* _Exercise objective_:
From the entries below, retype only the lines from the one with "近日,晋城市公安局城区分局召" through the one with "Aerial view of", exactly as written.

--- Records provided Enclosed Below ---

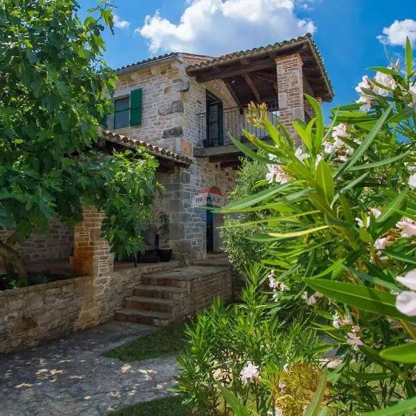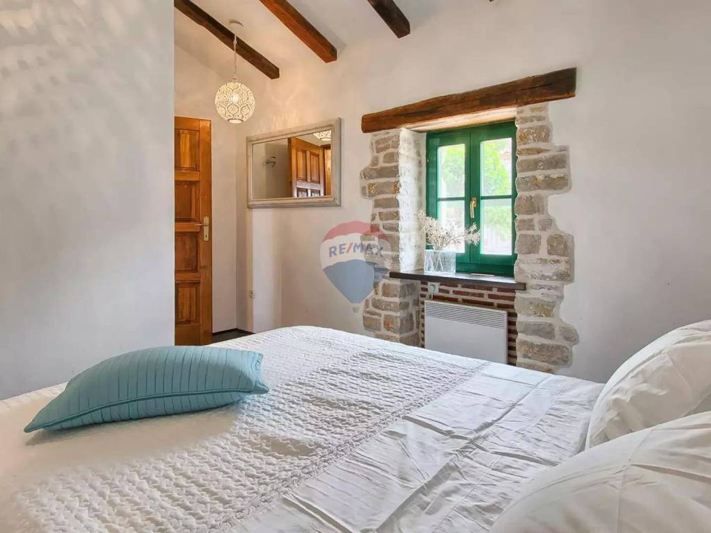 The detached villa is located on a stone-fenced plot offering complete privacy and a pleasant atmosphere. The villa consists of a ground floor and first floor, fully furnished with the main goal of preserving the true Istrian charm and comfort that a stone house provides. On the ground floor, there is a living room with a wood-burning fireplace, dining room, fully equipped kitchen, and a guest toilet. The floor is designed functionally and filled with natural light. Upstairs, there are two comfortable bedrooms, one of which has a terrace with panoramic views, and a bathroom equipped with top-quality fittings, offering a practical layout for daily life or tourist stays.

--- End of Enclosed Records provided ---
--- Records provided Enclosed Below ---

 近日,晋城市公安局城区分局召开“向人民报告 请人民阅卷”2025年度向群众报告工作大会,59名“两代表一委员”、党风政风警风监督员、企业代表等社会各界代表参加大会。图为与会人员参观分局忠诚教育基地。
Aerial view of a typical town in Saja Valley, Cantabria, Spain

--- End of Enclosed Records provided ---

* _Result of this task_:
 近日,晋城市公安局城区分局召开“向人民报告 请人民阅卷”2025年度向群众报告工作大会,59名“两代表一委员”、党风政风警风监督员、企业代表等社会各界代表参加大会。图为与会人员参观分局忠诚教育基地。
Aerial view of a typical town in Saja Valley, Cantabria, Spain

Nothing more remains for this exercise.